Posted to dev@kafka.apache.org by Bruno Cadonna <br...@confluent.io> on 2020/08/11 07:25:28 UTC

Re: [DISCUSS] KIP-647: Add ability to handle late messages in streams-aggregation

Hi Igor,

Thanks for the KIP!

Similar to Matthias, I am also wondering why you rejected the more 
general solution involving a callback. I also think that writing to a 
topic is just one of multiple ways to handle late records. For example, 
one could compute statistics over the late records before or instead 
writing the records to a topic. Or it could write the records to a 
database to analyse.

Best,
Bruno

On 28.07.20 05:14, Matthias J. Sax wrote:
> Thanks for the KIP Igor.
> 
> What you propose sounds a little bit like a "dead-letter-queue" pattern.
> Thus, I am wondering if we should try to do a built-in
> "dead-letter-queue" feature that would be general purpose?
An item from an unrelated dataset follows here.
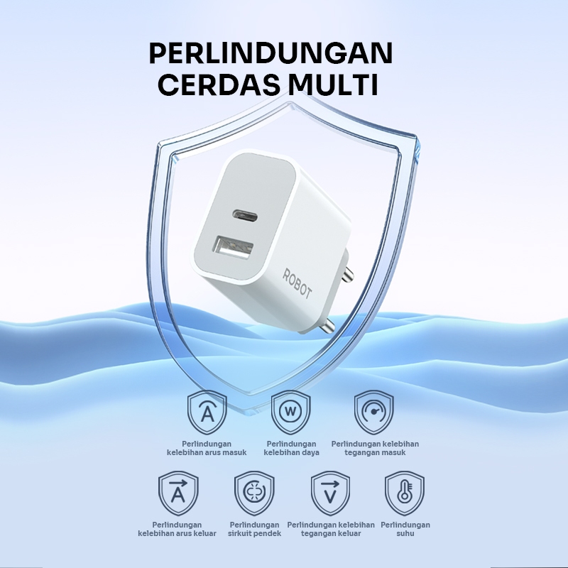 [Star] ROBOT Charger Fast Charging Dual Port 12W with Type C Cable 2.4A Adaptor Kepala Charger Adaptor Kepala Charger Ip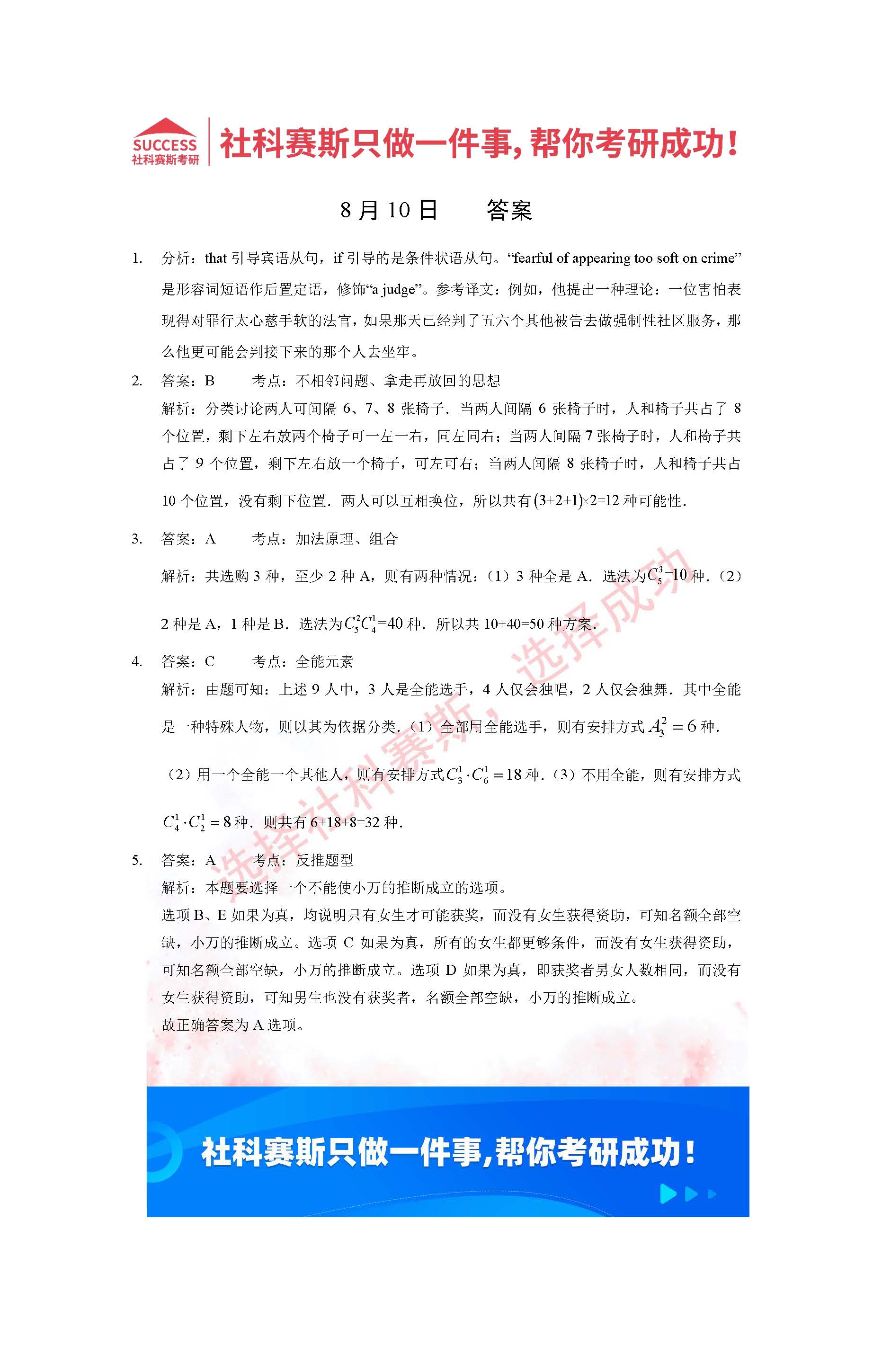 以上就是社科賽斯考研網(wǎng)小編為大家整理2022考研每日一練:8月10日管理類聯(lián)考每日一練及答案的全部內(nèi)容,希望各位考生堅(jiān)持利用起來,更多每日一練內(nèi)容請持續(xù)關(guān)注社科賽斯考研網(wǎng)

For example,
> uses can drop message in the source node if they don't have a valid
> timestamp or if a deserialization error occurs and face a similar issue
> for those cases (even if it might be a little simpler to handle those
> cases, as custom user code is executed).
> 
> For a general purpose DLQ, the feature should be expose at the Processor
> API level though, and the DSL would just use this feature (instead of
> introducing it as a DSL feature).
> 
> Late records are of course only defined at the DSL level as for the PAPI
> users need to define custom semantics. Also, late records are not really
> corrupted. However, the pattern seems similar enough, ie, piping late
> data into a topic is just a special case for a DLQ?
> 
> I am also wondering, if piping late records into a DLQ is the only way
> to handle them? For example, I could imagine that a user just wants to
> trigger a side-effect (similar to what you mention in rejected
> alternatives)? Or maybe a user might even want to somehow process those
> record and feed them back into the actually processing pipeline.
> 
> Last, a DLQ is only useful if somebody consumes from the topic and does
> something with the data. Can you elaborate on the use-case how a user
> would use the preserved late records?
> 
> 
> 
> -Matthias
> 
> On 7/27/20 1:45 AM, Igor Piddubnyi wrote:
>> Hi everybody,
>> I would like to start off the discussion for KIP-647:
>> https://cwiki.apache.org/confluence/display/KAFKA/KIP-647%3A+Add+ability+to+handle+late+messages+in+streams-aggregation
>> <https://cwiki.apache.org/confluence/display/KAFKA/KIP-594%3A+Expose+output+topic+names+from+TopologyTestDriver>
>>
>>
>> This KIP proposes a minor adjustment in the kafka-streams
>> aggregation-api, adding an ability for processing late messages.
>> [WIP] PR here:https://github.com/apache/kafka/pull/9017
>>
>> Please check.
>> Regards, Igor.
>>
>>
>>
>>
>

Re: [DISCUSS] KIP-647: Add ability to handle late messages in streams-aggregation

Posted by "Matthias J. Sax" <mj...@apache.org>.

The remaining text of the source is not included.